Protagonist Mariana Andros is a brilliant but troubled group therapist and recent widower, her husband having drowned on a holiday that was supposed to have reset their marriage. Dealing with her own grief and counselling her patients through theirs gives the story an interesting window to explore Mariana’s backstory. Settling into her new life, Mariana is suddenly pulled back into the world of her alma mater, St Christopher’s College, when her niece Zoe’s best friend is brutally murdered on campus.
What presents as a small town tragedy quickly turns to something more sinister when more bodies start to turn up. Mariana discovers a thread between the victims: each was a member of The Maidens, a mysterious secret society of female students under the thumb of the university’s most charismatic professor, Edward Fosca. Not only is Fosca the obvious villain, but Mariana has proof. In the possession of each of the deceased she finds a postcard with concerning quotes from Greek Mythology — the very subject Fosca has devoted his career to.
As the reader, you’re inclined to agree with Mariana that Fosca is the perfect suspect. He’s mysterious and confident, the kind of powerful figure that could commit this type of crime and get away with it with ease. He has a level of control over his group of Maidens that is concerning in its own right and cements him as The Bad Guy straight away. However, while Michaelides tries to convince you you’ve pinned it on the right guy, he also introduces an incredible number of red herrings to constantly have you doubting yourself.

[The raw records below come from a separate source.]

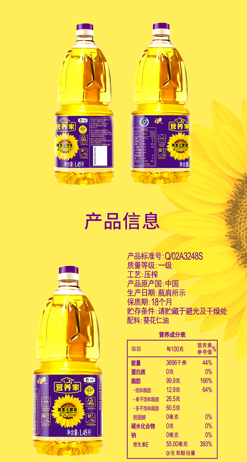 商品名称:中粮 福临门唯粹金典小黑葵葵花仁油礼盒 1.45L*3瓶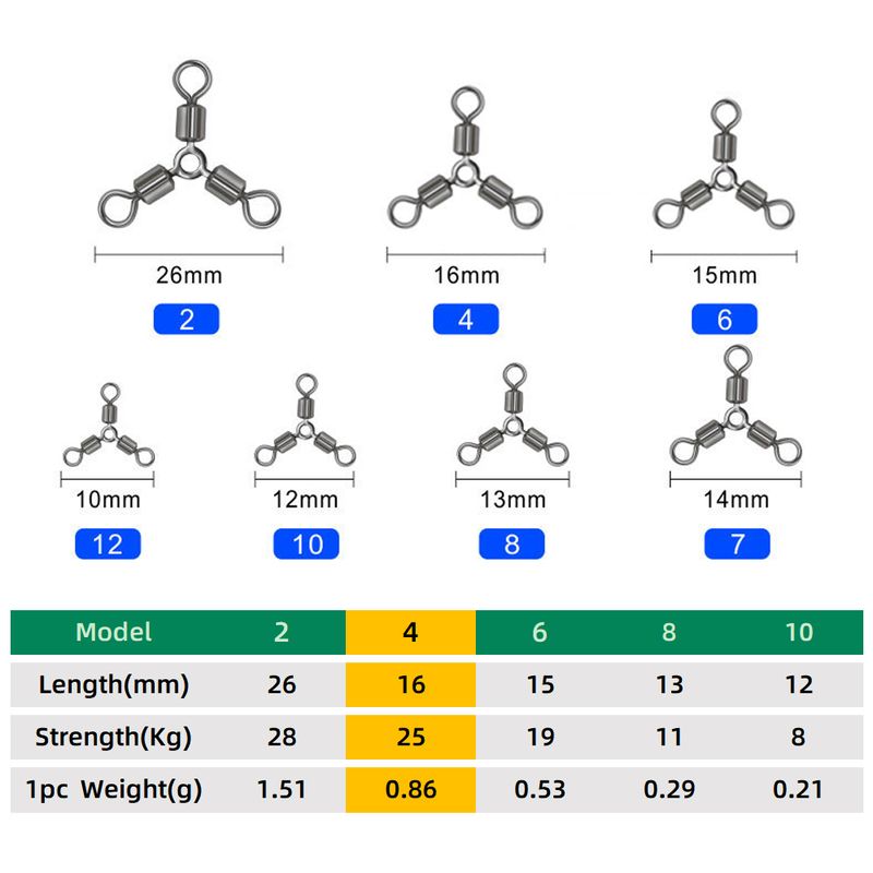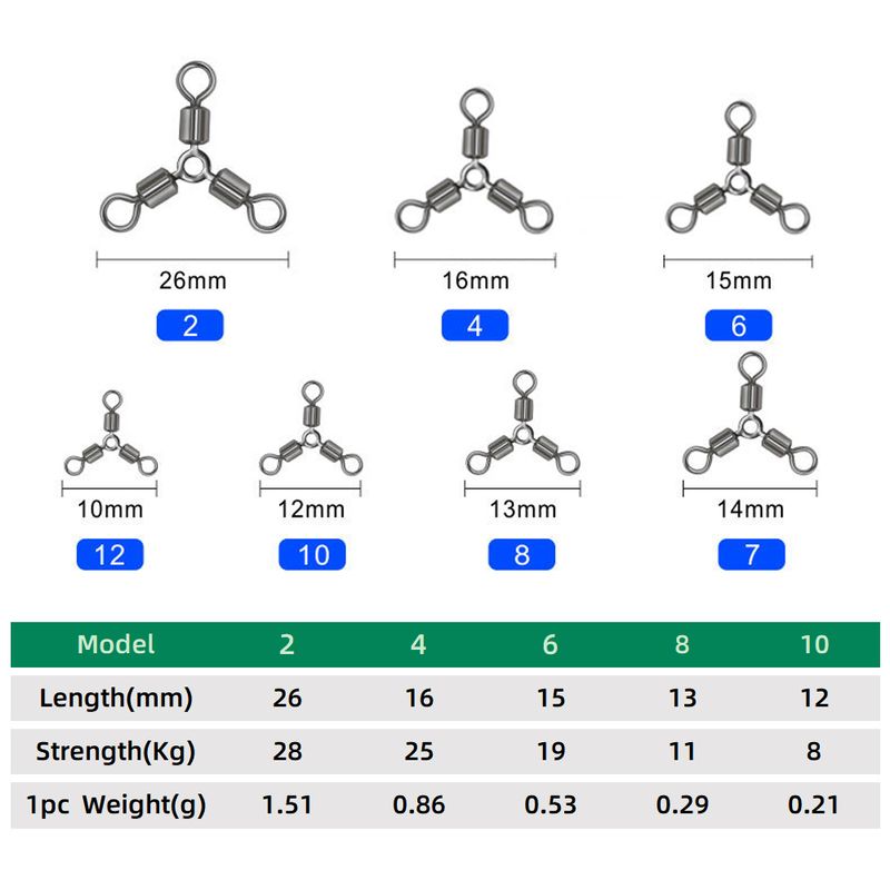 20pcs Brass alloy 3 Way Fishing Connector Ball Bearing Rolling Swivels O-Shape Three Way Rolling Swivels Fishing Tackle Fishhook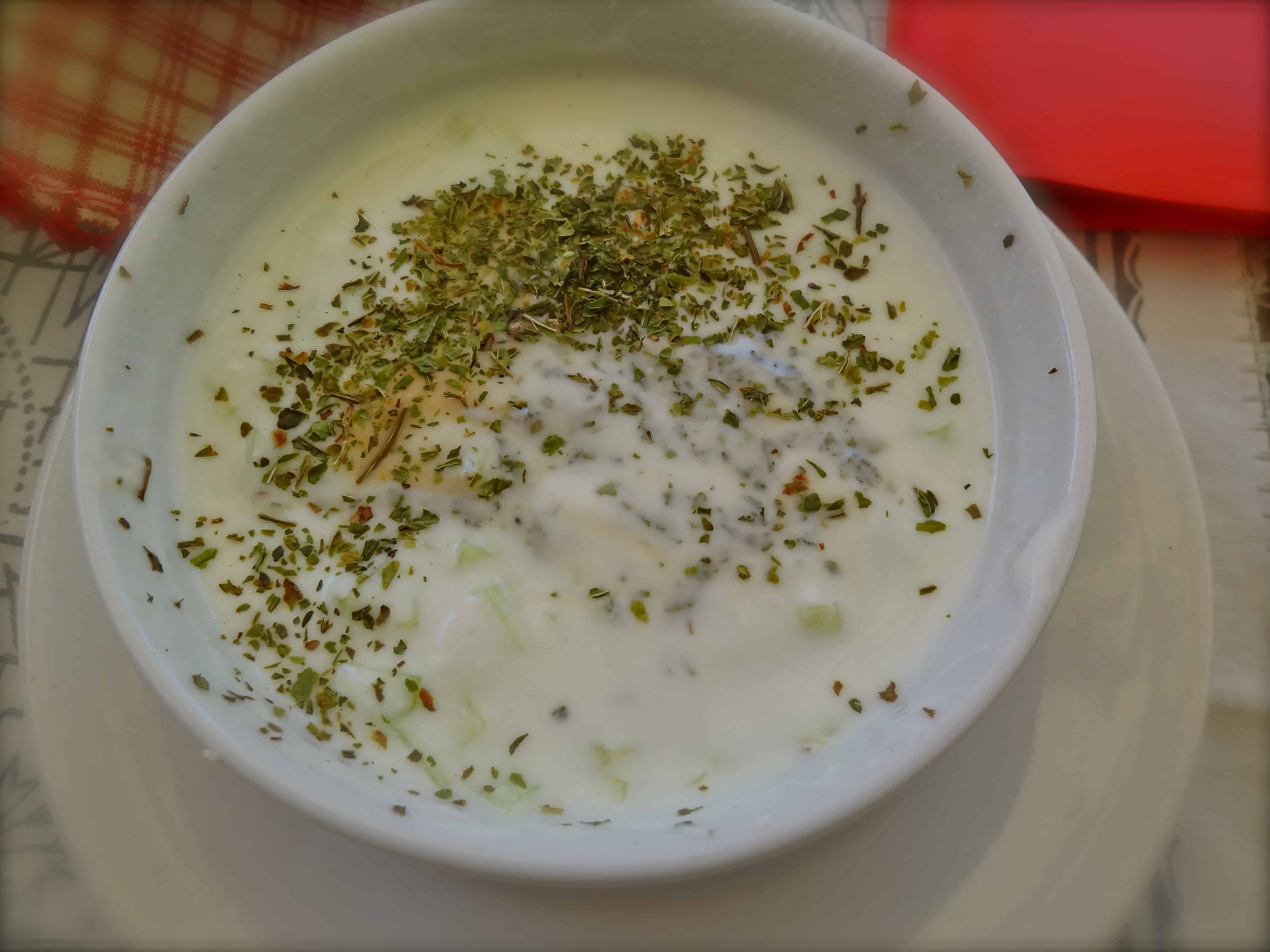 Cacik: (pronounced jejik), yoghurt churned with cucumber and mint, somewhat like the Indian raita.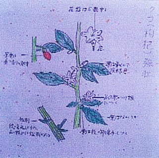 果実は赤く熟したものを丁寧に摘み取り、そのままホワイトリカーに漬けて薬用酒にする。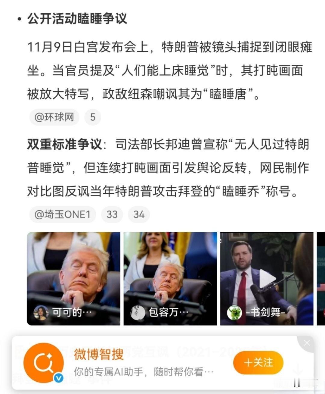 万斯在《汉尼提》电视节目中严肃批评特朗普不爱惜身体。 他说,特朗普坐飞机出差,全程都不睡觉。“去程17小时,回程17小时,他全程清醒,还要求别人也必须保持清醒!” 总统是在“完全不知疲倦地工作”。 事实是有记者拍到老特在白宫发布会上是这个样子……

Could it be the strange man Mariana met on the train, or the former patient she discovers stalking her? Could it be someone as innocent as the College’s Dorm Mother, or as close as one of the jealous Maidens? In this book, absolutely everyone is a suspect. No character is introduced without a smartly-placed red thread that makes you question their motives and leaves a pinboard of overwhelmingly convincing evidence.
All the while, Michaelides shines a light on each character in turn, with the story jumping between Mariana and an anonymous narrator. These chapters are seemingly unrelated to our main storyline, detailing the traumatic childhood of an unnamed and deeply troubled individual. In a book where you think you know everything and have the murderer picked out, this had me questioning everything! But fear not, it all comes together in a twisty, clever and shocking ending that had me ordering Michaelides first novel, The Silent Patient, the second I finished so that I could jump straight back into his atmospheric and complex world!
—The Maidens by Alex Michaelides (Hachette Australia) is out now.
The Maidens
St Christopher's College, Cambridge, is a closed world to most.
For Mariana Andros - a group therapist struggling through her private grief - it's where she met her late husband. For her niece, Zoe, it's the tragic scene of her best friend's murder. As memory and mystery entangle Mariana, she finds a society full of secrets, which has been shocked to its core by the murder of one of its own. Because behind its idyllic beauty is a web of jealousy and rage which emanates from an exclusive set of students known only as The Maidens...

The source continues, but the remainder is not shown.